As for the timing of the merger — the combined firm could be valued at $1.25 trillion — Ray says one possibility is June 8-9, which marks the conjunction of Jupiter and Venus.
“It might sound like a weird reason to pick a date,” Ray allows, “but this is classic Elon Musk style. Remember in 2018 when he tweeted about taking Tesla private at $420 per share (a classic cannabis reference)?
“Since SpaceX is a space company, Elon might like a date that occurs during a rare planetary alignment.
“Another option is that Elon does it as a birthday gift to himself, on June 28 (Musk's 55th birthday). Either way, the IPO could raise up to $50 billion, which would smash Saudi Aramco's $29 billion record IPO raise.”
In the pages of Altucher’s Investment Network, Ray and James Altucher have pinpointed several ways to profit from SpaceX’s IPO before it ever happens.
Bread and Circuses
The latest Jeffrey Epstein revelations opened an ugly window into what the power elite really thinks of the plebes.
It has to do with the already-disgraced Jes Staley — a 34-year veteran of JPMorgan Chase who moved on to become CEO of Barclays in 2015. He resigned in 2021 amid ongoing disclosures about his cozy relationship with Epstein.
The most recent Epstein document dump includes a jaw-dropping email Staley sent to Epstein ahead of the 2014 Super Bowl.
The context is that a few days earlier, protesters fought with military police in Brazil’s most populous city, Sao Paolo. They were upset with the government’s lavish spending on stadiums to host the 2014 World Cup.
Aside from that, the three-sentence email speaks for itself.

Brings to mind the late George Carlin’s rant about how “It’s a big club, and you ain’t in it.”
And in light of how last night’s Super Bowl halftime show became another touchstone in the culture wars, this part of his routine seems especially relevant…
That’s all you ever hear about in this country is our differences. That’s all the media and the politicians are ever talking about: the things that separate us, things that make us different from one another.
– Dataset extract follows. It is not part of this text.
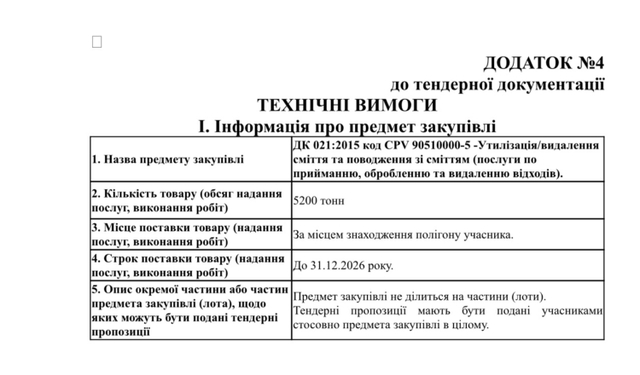 Згідно з проєктом договору, після вивантаження на полігон право власності на них переходить до виконавця. Також, щомісяця сторони звіряють обсяги прийнятих відходів».
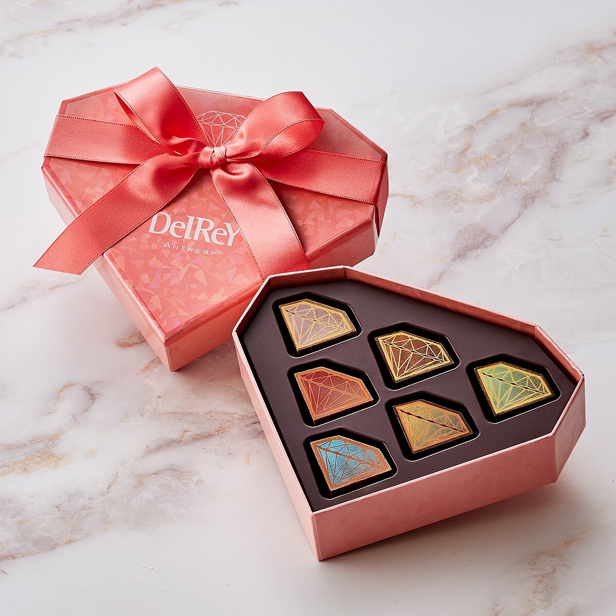 ダイヤモンドみたいにキラキラしたチョコレートで、箱を開けた瞬間から高級感がすごいです。ひとつひとつ味もちゃんと個性があって、まるでジュエリーをプレゼントしてもらったみたいな特別な気分になれます!

That’s the way the ruling class operates in any society: They try to divide the rest of the people; they keep the lower and the middle classes fighting with each other so that they, the rich, can run off with all the ****ing money.
Fairly simple thing… happens to work.
And he said that in 1992!
Mailbag: Silver, MAMA Stocks
A new week’s mailbag begins with a one-sentence inquiry…
“Do you believe confidence exists that silver can go higher than its recent high price and above in the near term of six months?”
Of course confidence exists. The question is among whom?
In all seriousness, many smart observers of the precious metals space, both inside and outside Paradigm, believe silver could easily reach $150 by year-end — certainly next year.
Six months is a tighter timeframe, though. We’re talking Aug. 9. Expecting silver to reclaim $121 by that time? It’s certainly possible, but I wouldn’t want to bet on it.
But I’m nonetheless hanging on to my Sprott Physical Silver Trust (PSLV). I’m playing for the long haul and I’m willing to exercise patience. But that’s just me. If you’re sitting on hefty silver profits even after the recent whacking and you need to meet current expenses… you might well come to a different conclusion.
After last week’s mention of how our label of the “MAMA” stocks never got traction last year — Microsoft, Alphabet, Meta, Amazon — a reader weighed in…
“Since your MAMA acronym didn’t catch on, how about adding a couple of hyperscaler-related companies, Nvidia and Oracle, and going with the Al Bundy-inspired acronym of NO MA’AM?”

Dave responds: And I thought my mind went off on weird tangents!